Handynacken: Viele haben Fehlhaltungen durch das Starren aufs Smartphone

Sebastian
Gesundheitliche Schäden durch Blick aufs Handy könnten zur „Seuche“ werden
Ein Leben ohne Smartphone ist für die meisten Menschen kaum noch vorstellbar. Kein Wunder also, dass der nach vorn gesenkte Blick auf das Display mittlerweile zum normalen Alltagsbild gehört. Oft wird jede freie Minute für einen kurzen Blick auf das Telefon genutzt, viele Menschen starren teilweise sogar über Stunden auf die kleinen Bildschirme. Experten warnen angesichts dieses Trends jedoch schon seit längerem vor gesundheitlichen Risiken. Denn durch die permanente Fehlhaltung drohe ein so genannter „Handynacken“, welcher zu Beschwerden wie Kopfweh oder Nackenschmerzen führen könne.

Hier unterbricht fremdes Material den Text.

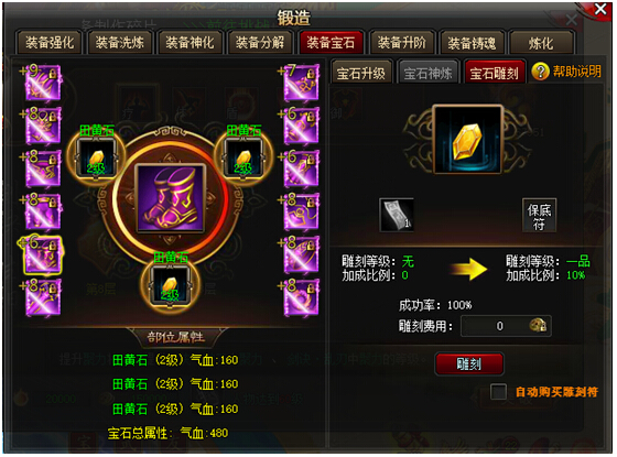 5)可使用祝福符保护雕刻的时候不掉品,祝福符可开锦囊获得,或者在炼化处合成。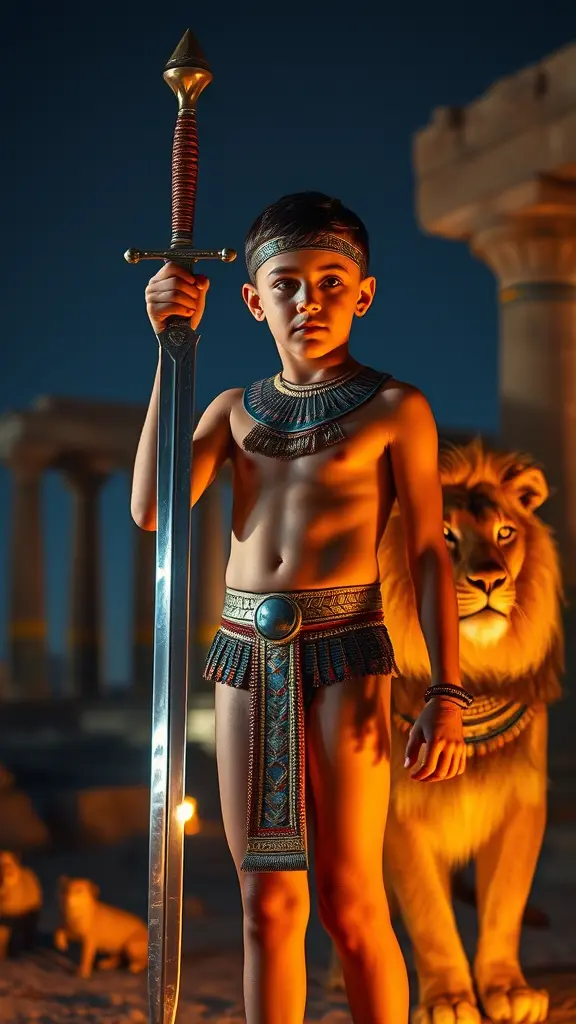 ولد مصري 10 سنوات يرتدىنص الصورةنسخولد مصري 10 سنوات يرتدى مايوه فرعونى عند المعابد الفرعونية القديمة ويمسك بيده سيف مع وضوح عضلات البطن وقت الليل مع إضاءة نيران وبجواره اسد أبعاد الصورةعمودي الموديل المستخدم Flux Fast العرض576 الارتفاع1024 تاريخ الإنشاء14/09/2024 التطبيق المستخدم مولّد الصور تحميل الدقة الكاملةتعديل الصورةولّد صورة مشابهة0

Jede freie Minute wird zum Checken der E-Mails genutzt
Ob an der Bushaltestelle, in der U-Bahn oder beim Anstellen an der Supermarktkasse: Allerorts nutzen immer mehr Menschen jede Möglichkeit, um auf Ihrem Smartphone die neuesten Kurznachrichten, E-Mails oder Anrufe zu checken. Dabei verharren viele Nutzer stundenlang mit gebeugtem Kopf über dem kleinen Display und leiden in der Folge unter Beschwerden wie einem Stechen im Nacken oder Kopfschmerzen. „Wir sprechen seit einigen Jahren in solchen Fällen vom Handynacken“, so Wolfgang Panter, Präsident des Verbandes Deutscher Betriebs- und Werksärzte gegenüber der Nachrichtenagentur „dpa“.

Dauernde Fehlhaltungen durch das Handy-Schauen. Immer mehr Menschen leiden unter "Handynacken". Bild: DDRockstar - fotolia)
Dauernde Fehlhaltungen durch das Handy-Schauen. Immer mehr Menschen leiden unter „Handynacken“. Bild: DDRockstar – fotolia)

Ein Begriff, der eine Aufmerksamkeit dafür schaffe, dass „wir etwas gegen länger eingenommene einseitige Fehlhaltungen tun müssen – egal ob im Beruf oder in der Freizeit“, ergänzt Professor Bernd Kladny, Chefarzt der Orthopädie und Unfallchirurgie an der Fachklinik Herzogenaurach. Schließlich sei „der Mensch [.] ein Lauftier und kein Faultier. Er braucht Bewegung, und da tut ihm jede Form gut“, so Kladny.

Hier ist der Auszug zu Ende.